┏━━

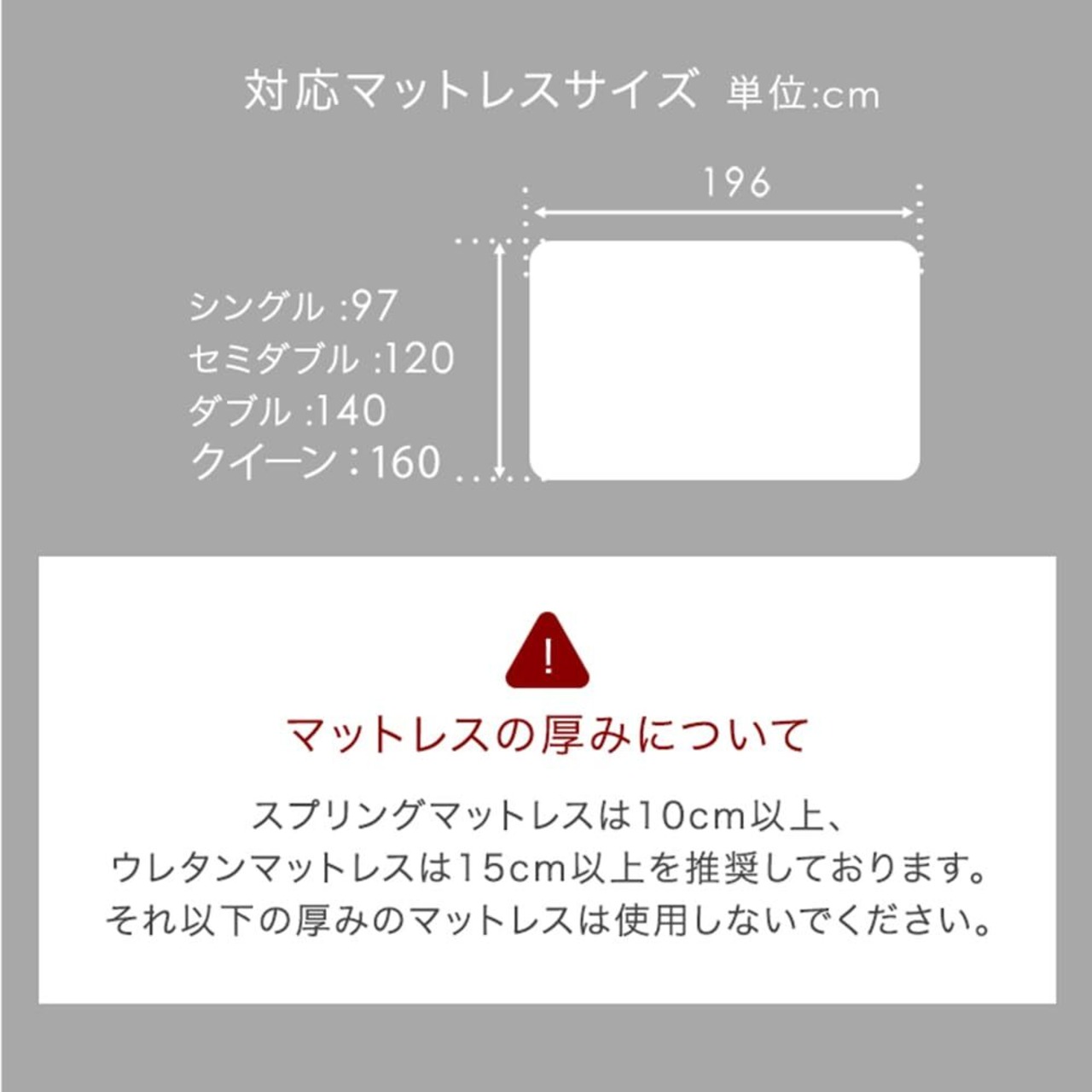 【備考】 ※組立時間は約20分です。(2人での組み立てを推奨)※ページ内で使用しているマットレスの厚さは10cmです。※購入前にロボット掃除機の高さをご確認ください。※マットレスの厚みについては、スプリングマットレスは10cm以上、ウレタンマットレスは15cm以上を推奨しております。 厚みがそれ以下の場合はすのこの隙間にたわむ可能性がありますので、推奨サイズ以下のマットレスは使用しないでください。
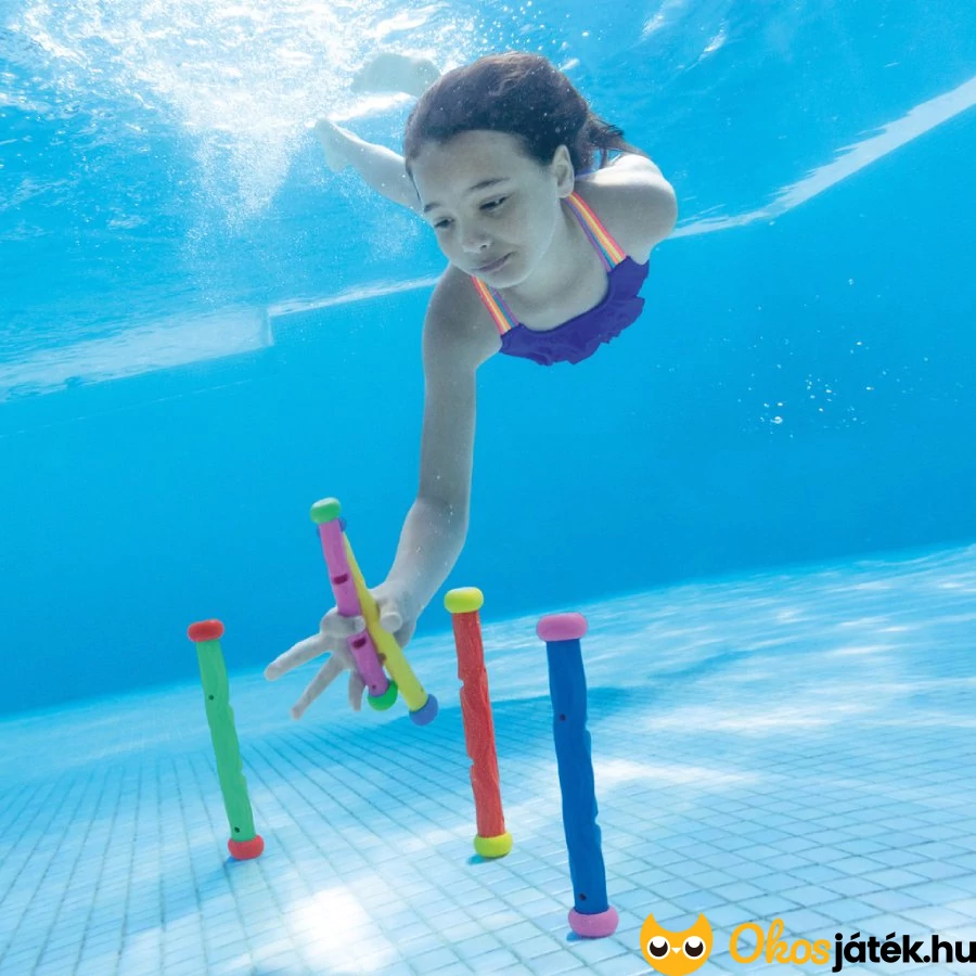 Az Intex víz alatti álló botos játék nemcsak szórakoztató, hanem fejleszti a koncentrációt, a légzéstechnikát és a mozgás-koordinációt is.
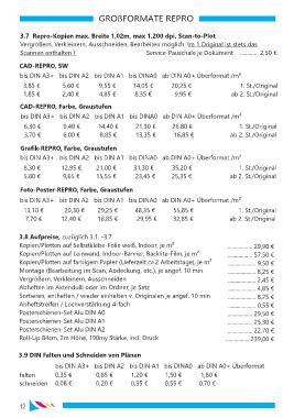 Kopien/Plotten auf farbigem Papier (Lieferzeit ca.2 Arbeitstage), je m² .................... 9,50 €
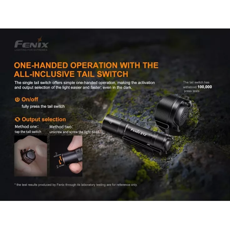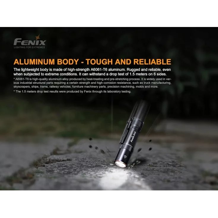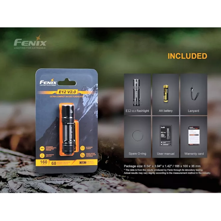 Fenix E12 V2.0 Includes: AA Battery, Wrist Lanyard, Spare O-ring, User Manual & Warranty Card.
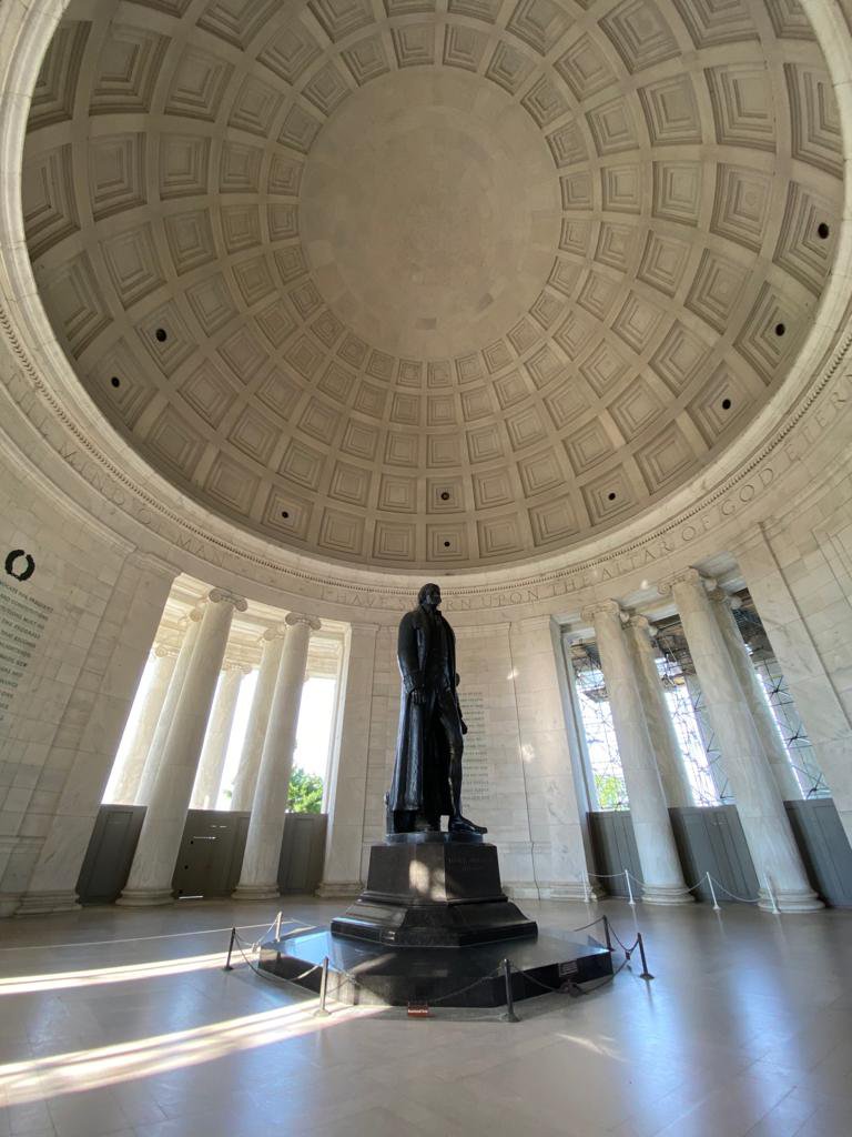 This is the Jefferson Memorial in Washington DC. Executive Director of the Peace Run, Salil Wilson, and Natabara Rollison visited it this past week. They report that it was very peaceful in the capital. They rode around on bikes through quiet streets (several closed off to traffic). Jefferson offered a very powerful vision of Peace in his words enshrined in the Declaration of Independence: "We hold these truths to be self-evident, that all men are created equal, that they are endowed by their Creator with certain unalienable Rights, that among these are Life, Liberty and the pursuit of Happiness".
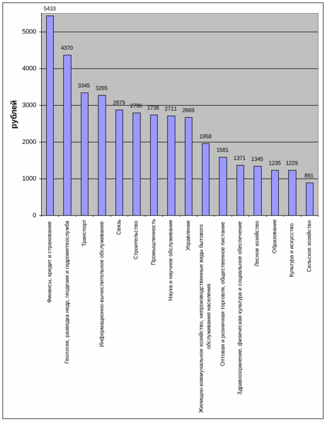 В 2000 г. наиболее высокая заработная плата сложилась у работников кредитования, финансов, страхования, геологии, транспорта и информационного обслуживания. Наименьшую заработную плату имели работники образования, культуры, сельского хозяйства.
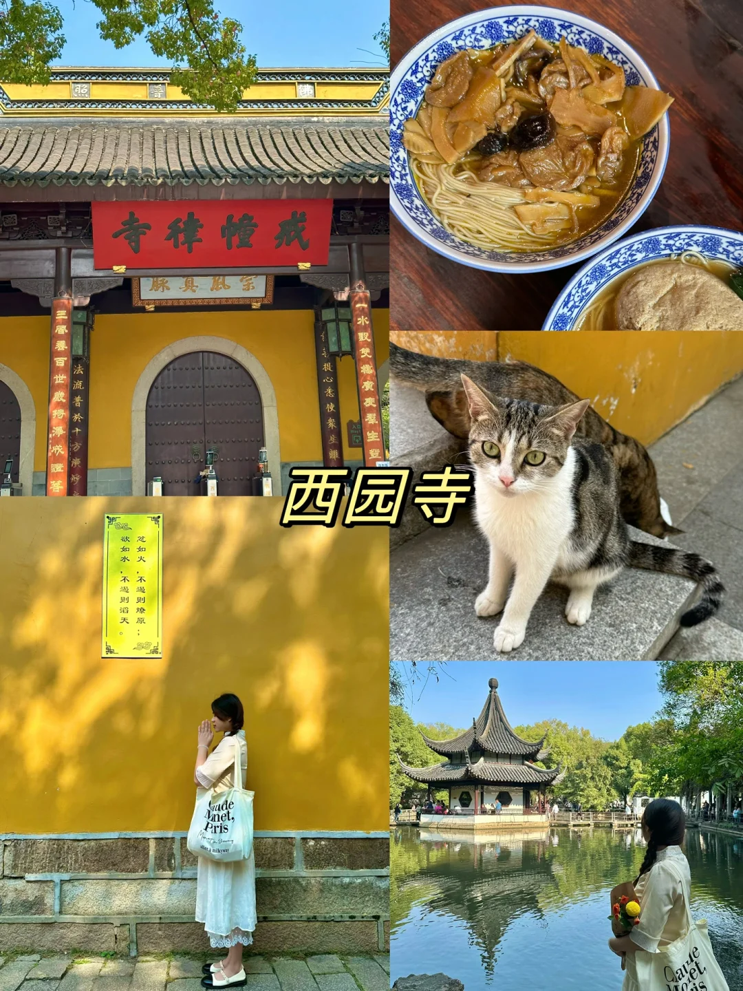 ✔️第五天早起去西园寺,吃素面素包,后院还能撸猫🐈。最后去山塘街,体验汉服或乌篷船,有时间可以留下来看夜景,别有韵味。
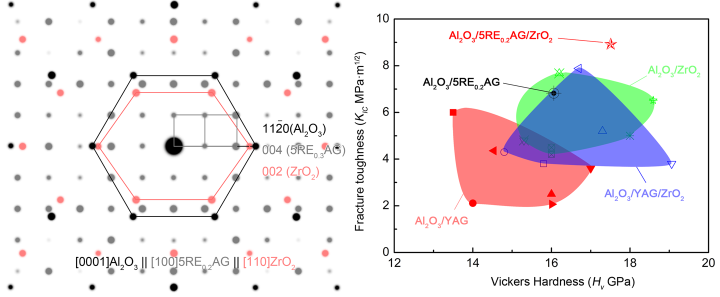 圖2 籽晶法制備Al2O3/(5Re0.2)AG/ZrO2共晶陶瓷的擇優(yōu)取向和界面關(guān)系模擬圖(左圖)和氧化鋁基共晶陶瓷力學(xué)性能對比圖(右圖)
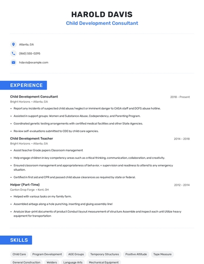 Build a professional child development consultant resume in minutes. Browse through our resume examples to identify the best way to word your resume. Then choose from 5+ resume templates to create your child development consultant resume.

┗━━

*WORK INSTRUCTIONS*: Reproduce the material above exactly, first line through the line that contains "Az Intex víz", minus the pictures.

*REPLY TO THE EXERCISE*:
 【備考】 ※組立時間は約20分です。(2人での組み立てを推奨)※ページ内で使用しているマットレスの厚さは10cmです。※購入前にロボット掃除機の高さをご確認ください。※マットレスの厚みについては、スプリングマットレスは10cm以上、ウレタンマットレスは15cm以上を推奨しております。 厚みがそれ以下の場合はすのこの隙間にたわむ可能性がありますので、推奨サイズ以下のマットレスは使用しないでください。
 Az Intex víz alatti álló botos játék nemcsak szórakoztató, hanem fejleszti a koncentrációt, a légzéstechnikát és a mozgás-koordinációt is.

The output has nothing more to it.